Prompt: Copy the records word for word. Pictures do not go in.

Raw data:
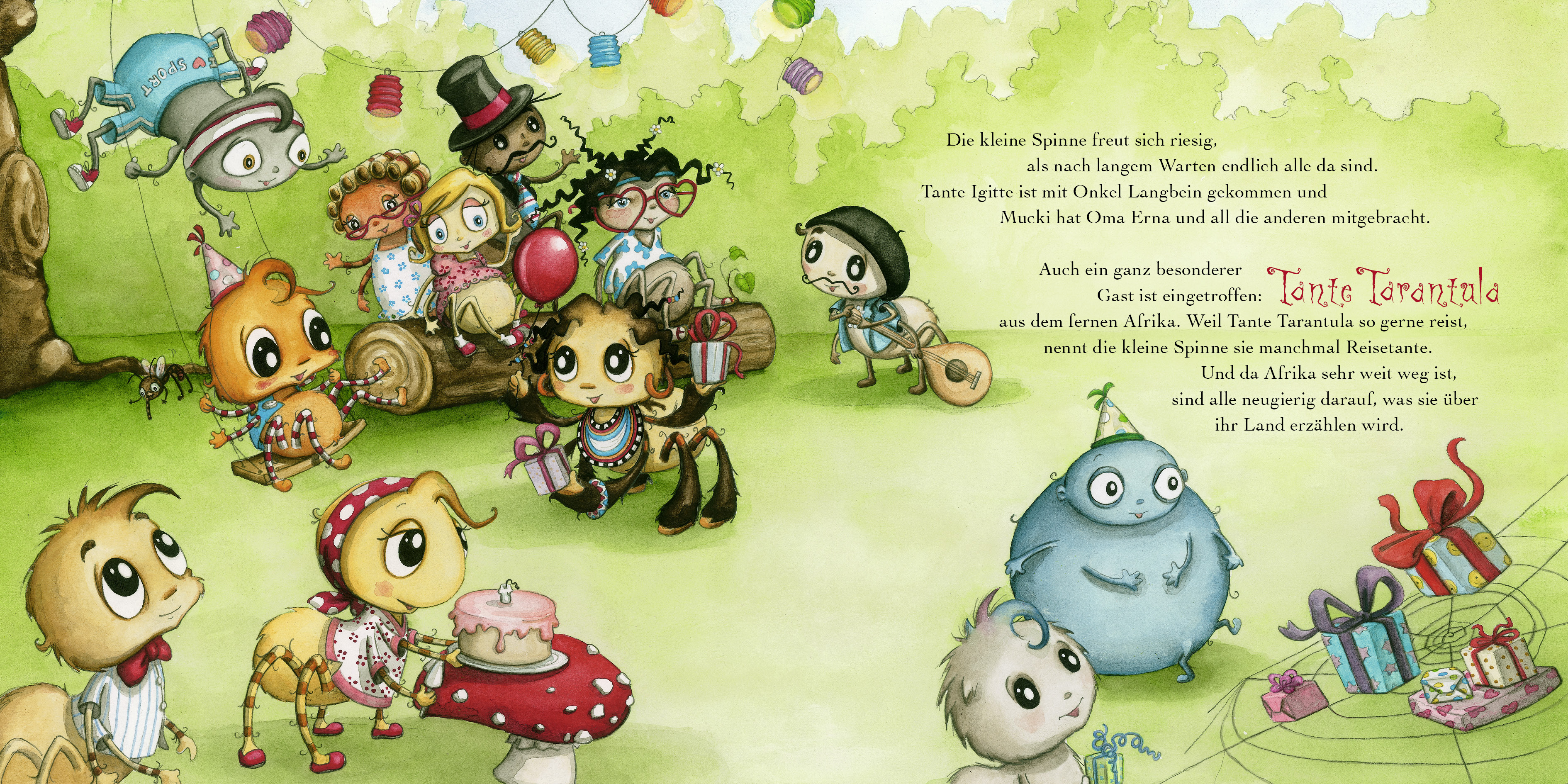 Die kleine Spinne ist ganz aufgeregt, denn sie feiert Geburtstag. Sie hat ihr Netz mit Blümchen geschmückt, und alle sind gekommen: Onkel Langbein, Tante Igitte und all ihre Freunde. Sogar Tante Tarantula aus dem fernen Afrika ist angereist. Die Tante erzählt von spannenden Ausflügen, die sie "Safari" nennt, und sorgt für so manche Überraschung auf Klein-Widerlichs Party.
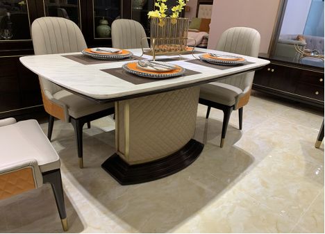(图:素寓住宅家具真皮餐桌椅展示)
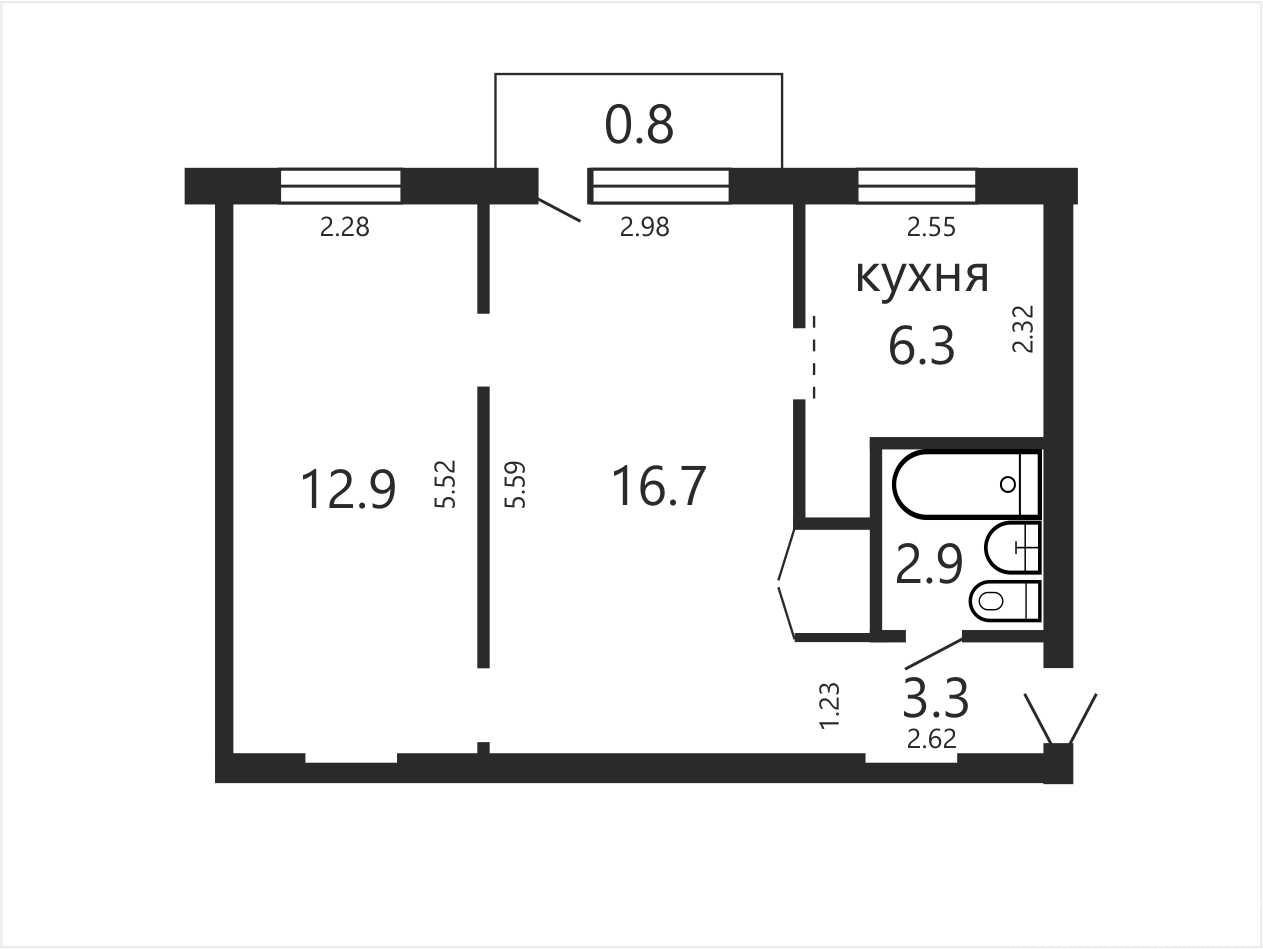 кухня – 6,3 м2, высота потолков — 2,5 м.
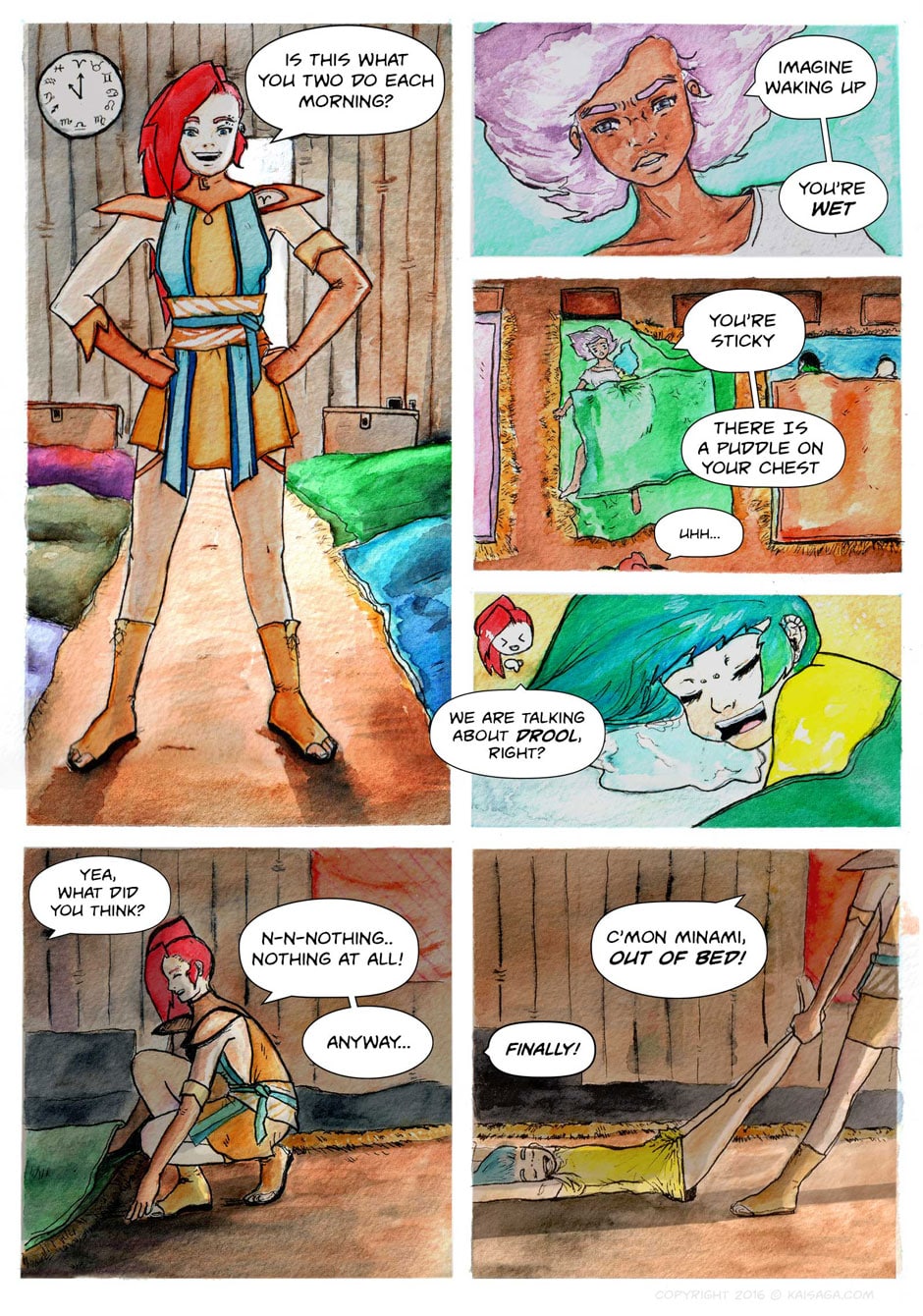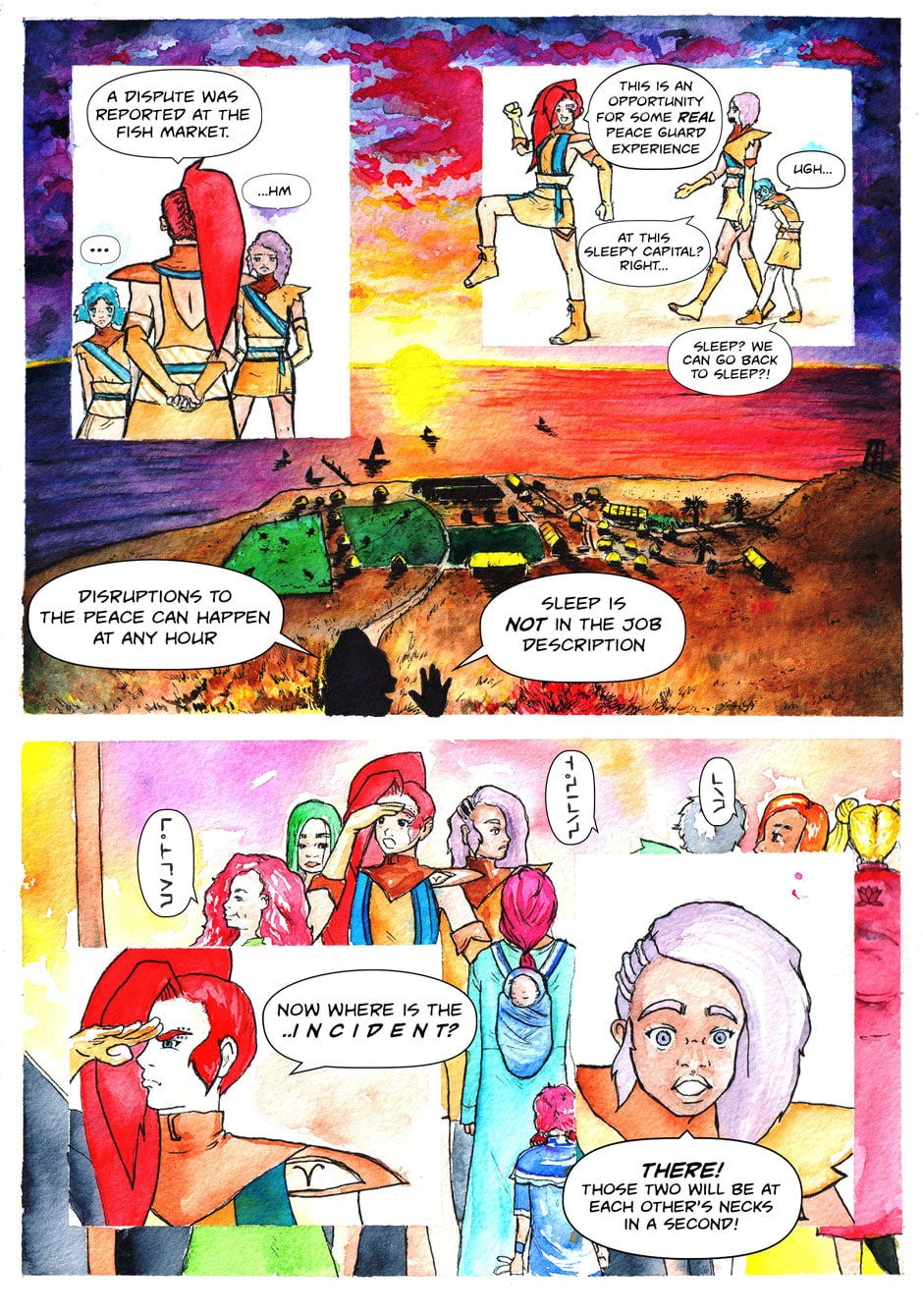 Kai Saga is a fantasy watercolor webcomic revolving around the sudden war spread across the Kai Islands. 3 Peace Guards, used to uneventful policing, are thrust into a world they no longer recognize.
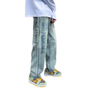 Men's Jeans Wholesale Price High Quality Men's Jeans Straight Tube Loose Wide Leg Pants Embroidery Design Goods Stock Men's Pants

Answer area:
 Die kleine Spinne ist ganz aufgeregt, denn sie feiert Geburtstag. Sie hat ihr Netz mit Blümchen geschmückt, und alle sind gekommen: Onkel Langbein, Tante Igitte und all ihre Freunde. Sogar Tante Tarantula aus dem fernen Afrika ist angereist. Die Tante erzählt von spannenden Ausflügen, die sie "Safari" nennt, und sorgt für so manche Überraschung auf Klein-Widerlichs Party.
(图:素寓住宅家具真皮餐桌椅展示)
 кухня – 6,3 м2, высота потолков — 2,5 м.
 Kai Saga is a fantasy watercolor webcomic revolving around the sudden war spread across the Kai Islands. 3 Peace Guards, used to uneventful policing, are thrust into a world they no longer recognize.
 Men's Jeans Wholesale Price High Quality Men's Jeans Straight Tube Loose Wide Leg Pants Embroidery Design Goods Stock Men's Pants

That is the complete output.